When troubleshooting High Availability on the IM&P Service Server, there are two important timers that you must keep in consideration.
- The Servers exchange 4 keepalives every 60 seconds. If there is no response after the 60 seconds, the Cisco Service Recovery Manager (SRM) considers that the unresponsive node went off-line and triggers a Fail Over command. As the next snippet shows, the last heartbeat occurred 62 seconds ago.
2021-05-13 02:48:48,244 INFO[HS]rsrm.RsrmHeartBeatHandler - RsrmHeartBeatHandler: peer down, time since last heartbeat[s]= 62
2021-05-13 02:48:48,244 INFO [HS] rsrm.RsrmAutomaticFallback - RsrmAutomaticFallback: peer states vector changed to [Normal,Running in Backup Mode]
Tip: For this scenario, if you have found some latency in your network, it is recommended to increase the heartbeat timeout timer from 60 to 90 seconds.

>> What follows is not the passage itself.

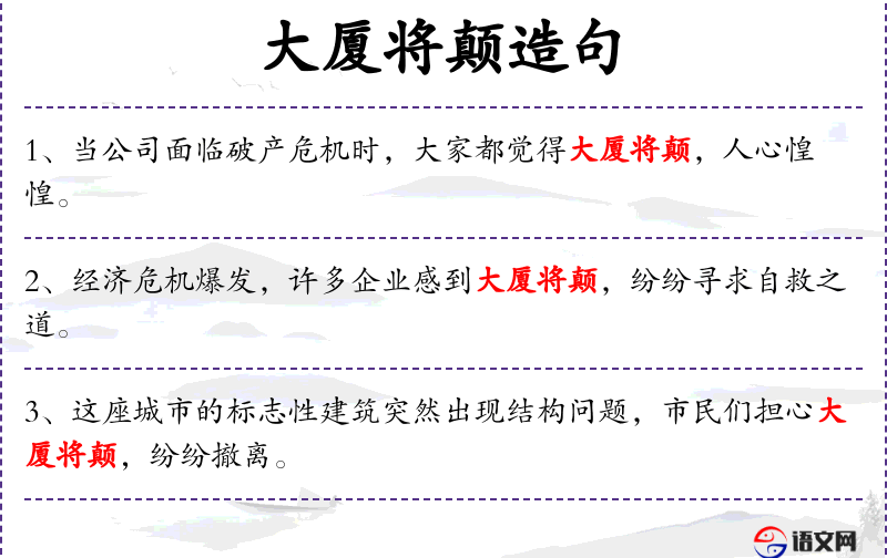 - 由于一场突如其来的地震,城市的高楼大厦开始摇摇欲坠,引发了人们的惊恐,他们担心大厦即将倾覆。

Navigate to CUCM Administration web page > System > Service parameters configuration > Select the IM&P Server> Select Cisco Recovery ManagerSettings. On the Keep Alive (Heartbeat) timeout, increase the number to 90 seconds.
- The IM&P Subscriber server waits 90 seconds. If it detects that one or more of the monitored services is down, the Subscriber server takes over.
Logs to Collect for Troubleshooting
- Server Recover Manager (SRM) logs from before and after the failover event (debug level if possible).
- The output of the command via IM&P command-line interface run sql select * from enterprisesubcluster.
- The enterprisesubcluster table in IM&P houses the Redundancy Group configuration.
- The output of the command via IM&P command-line interface run sql select * from enterprisenode.
- The enterprisenode table displays the node information and subcluster assignment of the node.
- If the failed over is produced by a service being stopped, gather:
- Event viewer system logs
- Event viewer application logs
- Logs from the service that are stopped.